YOUR TASK
Your copy should repeat the data that follows exactly and contain no image.
[RECORDS TO USE]
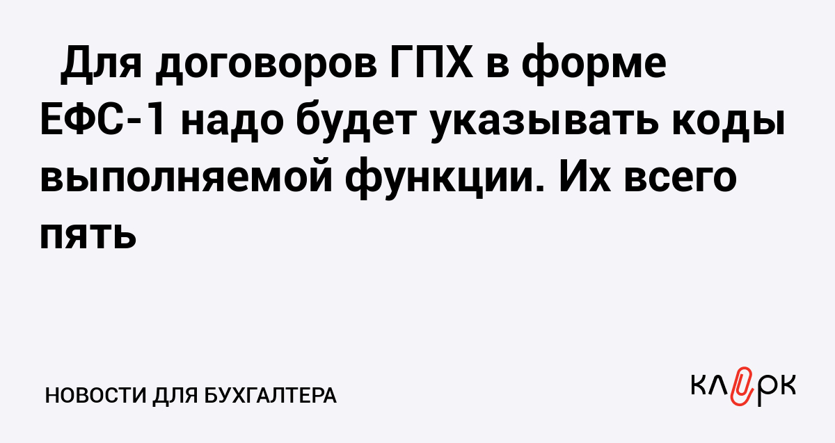 ❗ Для договоров ГПХ в форме ЕФС-1 надо будет указывать коды выполняемой функции. Их всего пять
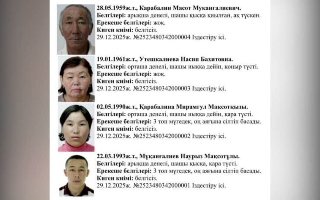 2025 жылы 25 желтоқсанда Атырау облысының тұрғыны бір айдан аса бауыры және оның отбасымен байланыса алмай жатқанын айтып, полицияға арыз түсірген. Қызылқоға ауданы, Жангелді ауылында тұратын отбасы өткен жылдың қарашасында жоғалып кеткен.
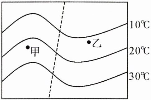 5. 读某地区7月份等温线分布图,甲、乙两地位于同一纬度,虚线表示海岸线,下列判断正确的是 (
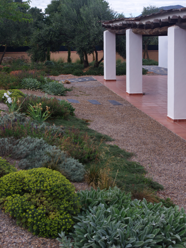 Jardín relizado en una casa de campo de estilo alpujarreño integrada en el interior de una pequeña plantación de olivos en el cañón del río Dúrcal. Se planteó la conservación íntegra del olivar y la incorporación de plantas y elementos propios del entorno con la intención de generar un jardín que, tras unos años, parezca haber surgido de forma espontánea y se mantenga de forma semiautónoma.
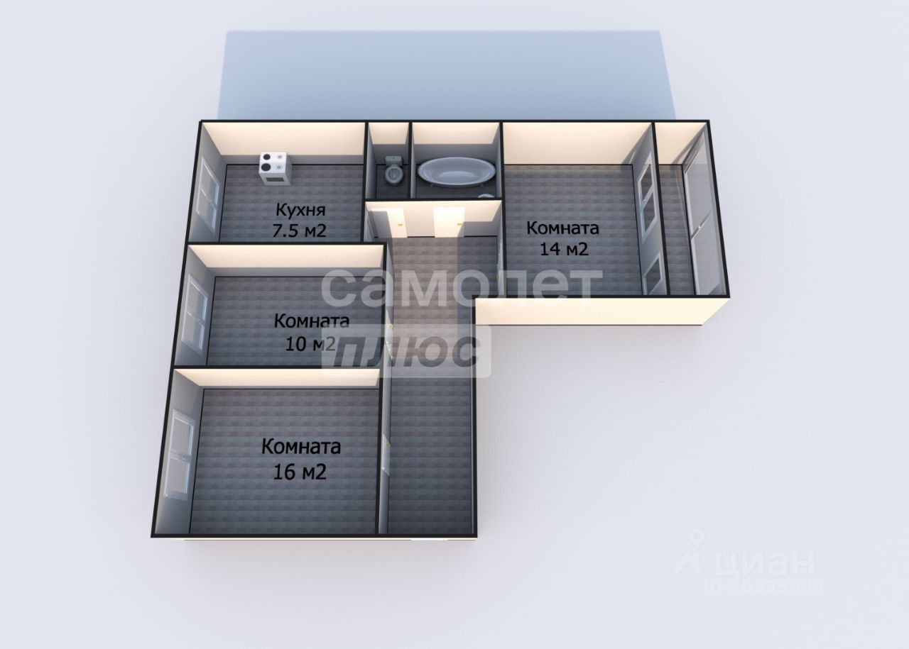 Общая площадь квартиры составляет 68.5 кв. м, из которых 16 кв. м. занимает комната 1, комната 2 - 14 кв.м, комната 3 - 10 кв.м, а кухня площадью 7,5 кв.м. станет идеальным местом для приготовления вкусных блюд и семейных ужинов.
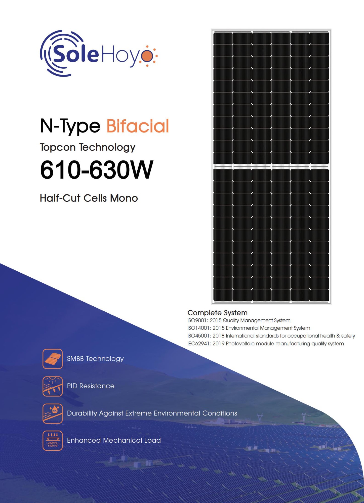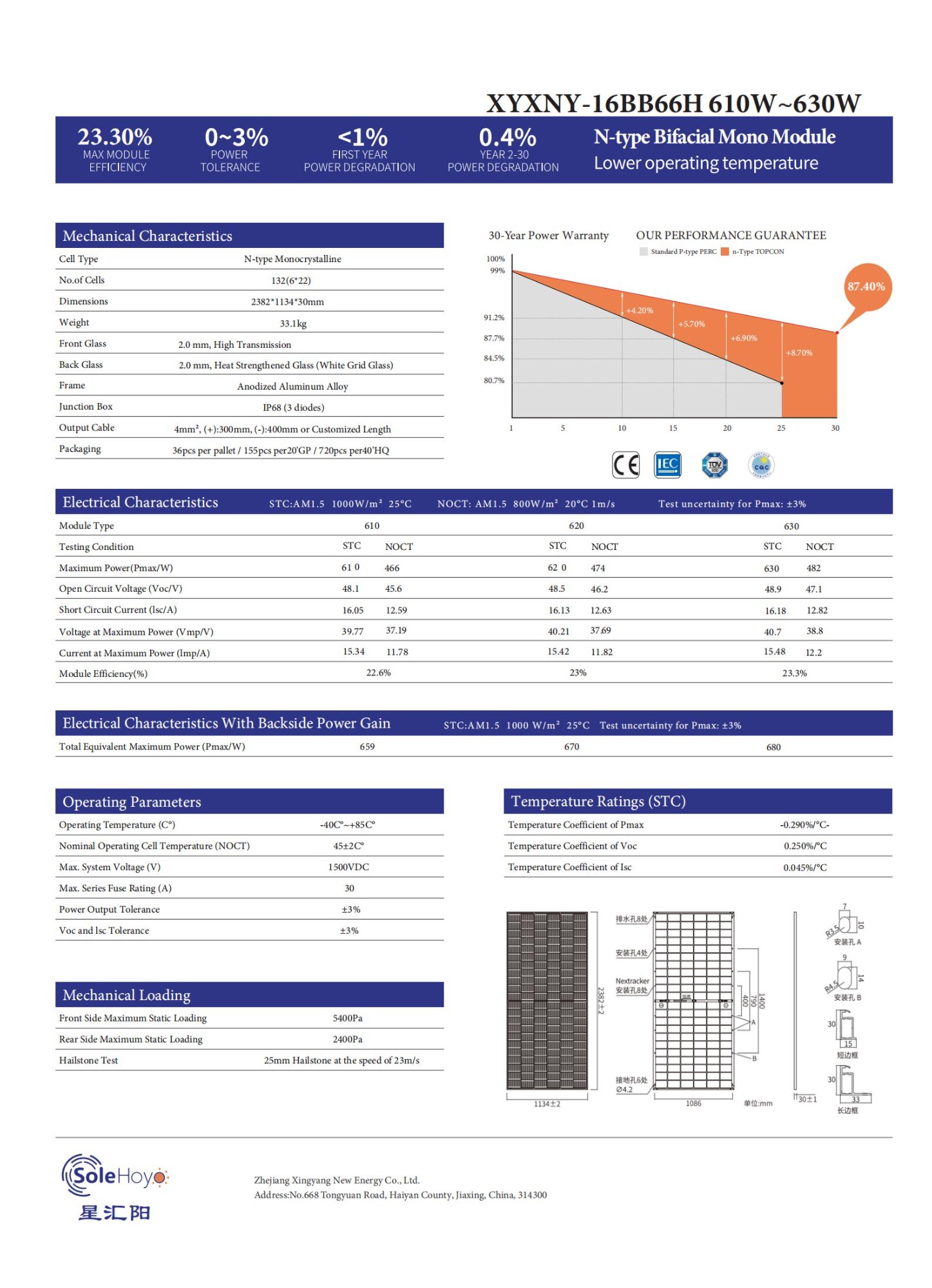 The SoleHoyo XYXNY-16BB66H series is a high-power, high-efficiency solar module engineered for the global utility-scale and large commercial & industrial (C&I) solar energy market. Boasting top-tier N-type TOPCon bifacial technology, ultra-low power degradation and superior environmental durability, it is the ideal solution for large-scale ground-mounted solar power plants and industrial photovoltaic projects, delivering high-yield and cost-effective clean energy across global markets.
[/RECORDS TO USE]
SOLUTION FOR THIS EXERCISE
 ❗ Для договоров ГПХ в форме ЕФС-1 надо будет указывать коды выполняемой функции. Их всего пять
 2025 жылы 25 желтоқсанда Атырау облысының тұрғыны бір айдан аса бауыры және оның отбасымен байланыса алмай жатқанын айтып, полицияға арыз түсірген. Қызылқоға ауданы, Жангелді ауылында тұратын отбасы өткен жылдың қарашасында жоғалып кеткен.
 5. 读某地区7月份等温线分布图,甲、乙两地位于同一纬度,虚线表示海岸线,下列判断正确的是 (
 Jardín relizado en una casa de campo de estilo alpujarreño integrada en el interior de una pequeña plantación de olivos en el cañón del río Dúrcal. Se planteó la conservación íntegra del olivar y la incorporación de plantas y elementos propios del entorno con la intención de generar un jardín que, tras unos años, parezca haber surgido de forma espontánea y se mantenga de forma semiautónoma.
 Общая площадь квартиры составляет 68.5 кв. м, из которых 16 кв. м. занимает комната 1, комната 2 - 14 кв.м, комната 3 - 10 кв.м, а кухня площадью 7,5 кв.м. станет идеальным местом для приготовления вкусных блюд и семейных ужинов.
 The SoleHoyo XYXNY-16BB66H series is a high-power, high-efficiency solar module engineered for the global utility-scale and large commercial & industrial (C&I) solar energy market. Boasting top-tier N-type TOPCon bifacial technology, ultra-low power degradation and superior environmental durability, it is the ideal solution for large-scale ground-mounted solar power plants and industrial photovoltaic projects, delivering high-yield and cost-effective clean energy across global markets.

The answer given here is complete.